Murchison v. Kirby

27 F.R.D. 14, 4 Fed. R. Serv. 2d 92, 1961 U.S. Dist. LEXIS 5230
CourtDistrict Court, S.D. New York
DecidedJanuary 30, 1961
StatusPublished
Cited by32 cases

This text of 27 F.R.D. 14 (Murchison v. Kirby) is published on Counsel Stack Legal Research, covering District Court, S.D. New York primary law. Counsel Stack provides free access to over 12 million legal documents including statutes, case law, regulations, and constitutions.

Bluebook
Murchison v. Kirby, 27 F.R.D. 14, 4 Fed. R. Serv. 2d 92, 1961 U.S. Dist. LEXIS 5230 (S.D.N.Y. 1961).

Opinion

WEINFELD, District Judge.

Alleghany Corporation has been the storm center of a series of derivative actions brought by stockholders pur[15]*15portedly for its benefit. This latest action to redress alleged wrongs inflicted upon the Corporation finds the role of the litigants somewhat reversed in that co-plaintiffs herein, the Murchison brothers, were themselves defendants with others in the prior litigations which are the subject of this action. The plaintiffs here seek, in substance, to set aside as fraudulent a settlement of earlier derivative actions in this and state courts entered into by Alleghany and Allan P. Kirby, one of the defendants herein.

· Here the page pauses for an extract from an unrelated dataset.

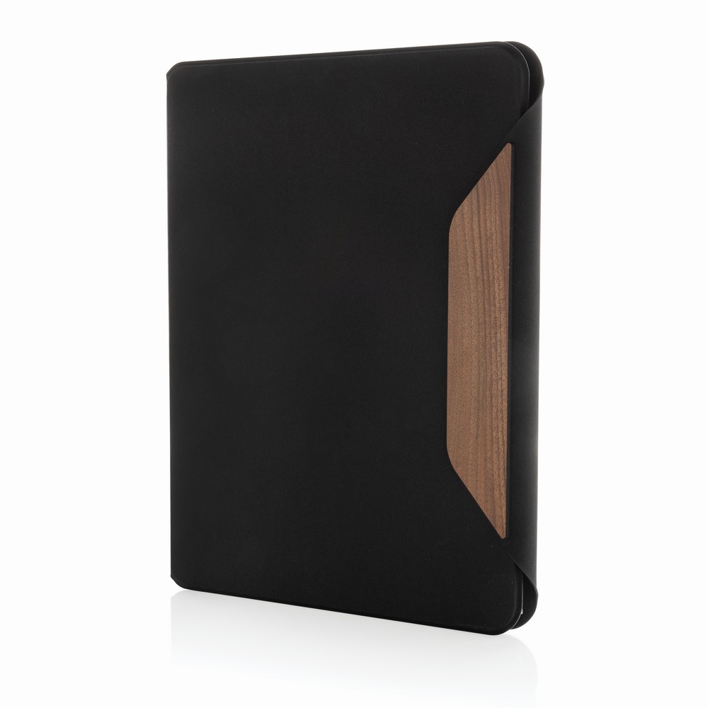 Teczka konferencyjna A4 AWARE™ RPET Teri, wykonana z recyklingowanego poliestru RPET z certyfikatem AWARE™, magnetyczne zamknięcie, emblemat z drewna orzechowego, wewnątrz 4 miejsca na wizytówki, kieszeń na dokumenty A4, notatnik A4 z papieru FSC® mix, 30 kremowych kartek w linie (70 g/m²), opakowanie prezentowe FSC® mix, bez PVC, 2% dochodu przeznaczone na Water.org

Randolph Phillips, a co-defendant appearing pro se, moves to strike the complaint as sham, pursuant to Rule 11 of the Federal Rules of Civil Procedure, 28 U.S.C.A., or, in the alternative, for judgment on the pleadings.

Despite the plethora of charges and counter-charges, and the voluminous affidavits and records submitted for and in opposition to these motions, the issues they present are comparatively simple and must be decided within the framework of the applicable rules and controlling authorities, and not upon the extravagance of the recriminatory statements indulged in by the parties.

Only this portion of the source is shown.